Fast Local Neural Regression for Low-Cost, Path Traced Lambertian Global Illumination

TL;DR

This work proposes incorporating a neural network into a computationally-efficient local linear model-based denoiser, and demonstrates faithful single-frame reconstruction of global illumination for Lambertian scenes at very low sample counts and for low computational cost.

Abstract

Despite recent advances in hardware acceleration of ray tracing, real-time ray budgets remain stubbornly limited at a handful of samples per pixel (spp) on commodity hardware, placing the onus on denoising algorithms to achieve high visual quality for path traced global illumination. Neural network-based solutions give excellent result quality at the cost of increased execution time relative to hand-engineered methods, making them less suitable for deployment on resource-constrained systems. We therefore propose incorporating a neural network into a computationally-efficient local linear model-based denoiser, and demonstrate faithful single-frame reconstruction of global illumination for Lambertian scenes at very low sample counts (1spp) and for low computational cost. Other contributions include improving the quality and performance of local linear model-based denoising through a simplified mathematical treatment, and demonstration of the surprising usefulness of ambient occlusion as a guide channel. We also show how our technique is straightforwardly extensible to joint denoising and upsampling of path traced renders with reference to low-cost, rasterized guide channels.

Figures (9)

• Figure 1: In Fast Local Neural Regression, the guide image and indirect light are passed into a neural network, which extracts structural information for the linear model to exploit. Our Fast Local Regression algorithm efficiently fits noise-free guide channels (e.g. rasterised at low cost) to a noisy, path traced input image. Optimisations include fitting the model $\textbf{A}_k$ to 8x8 blocks, and use of cheap downsampling and separable blurs to collect local moments.
• Figure 2: A basic, differentiable implementation of the core local linear algorithm in PyTorch, with basic regularisation.
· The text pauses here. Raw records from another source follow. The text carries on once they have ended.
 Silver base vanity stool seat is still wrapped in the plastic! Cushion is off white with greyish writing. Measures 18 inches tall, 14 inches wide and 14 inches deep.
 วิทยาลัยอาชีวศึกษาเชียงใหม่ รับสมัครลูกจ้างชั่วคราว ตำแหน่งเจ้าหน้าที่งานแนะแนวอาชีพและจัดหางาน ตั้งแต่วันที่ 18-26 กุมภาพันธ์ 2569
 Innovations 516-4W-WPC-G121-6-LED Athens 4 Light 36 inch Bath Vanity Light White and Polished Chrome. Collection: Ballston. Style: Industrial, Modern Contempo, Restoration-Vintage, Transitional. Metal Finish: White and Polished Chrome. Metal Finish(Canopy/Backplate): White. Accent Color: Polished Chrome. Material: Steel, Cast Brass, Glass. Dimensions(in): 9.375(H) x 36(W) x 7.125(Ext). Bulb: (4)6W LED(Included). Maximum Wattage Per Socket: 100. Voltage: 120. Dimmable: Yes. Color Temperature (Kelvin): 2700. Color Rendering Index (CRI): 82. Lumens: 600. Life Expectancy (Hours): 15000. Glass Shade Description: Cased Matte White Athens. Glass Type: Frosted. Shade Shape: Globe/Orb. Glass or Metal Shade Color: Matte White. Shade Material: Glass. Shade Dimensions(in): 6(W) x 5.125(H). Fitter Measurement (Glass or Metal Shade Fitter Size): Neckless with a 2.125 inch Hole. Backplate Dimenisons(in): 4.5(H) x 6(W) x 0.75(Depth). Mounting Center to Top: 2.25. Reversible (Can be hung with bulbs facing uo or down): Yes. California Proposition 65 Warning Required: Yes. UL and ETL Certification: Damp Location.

It returns a $\left(3 \times H \times W\right)$ denoised RGB image.
• Figure 3: Cheaply rasterising two sets of corresponding guide channels, one at low resolution and one at high resolution, allows indirect lighting to be path traced at low resolution and jointly denoised and upsampled with minimal loss in quality.
• Figure 4: Effects of introducing aspects of the proposed method. FLR with surface normal and depth guides correctly reconstructs attached shadows, but typically misses cast shadows. These are recovered with the introduction of ambient occlusion as a guide channel, and neural network generated enhanced guides. The neural network also consumes the noisy input.
• Figure 5: Effects of using different combinations of guide channels for the network input in FLNR. All the examples include the noisy input radiance as an additional input. Although input radiance and surface normals are sufficient to get a denoised estimate of the frame, the filter looses a great amount of the structural information of the scene. Introducing depth and, in particular, ambient occlusion helps the filter restoring the lost structural information, while also improving the quality of denoised shadows.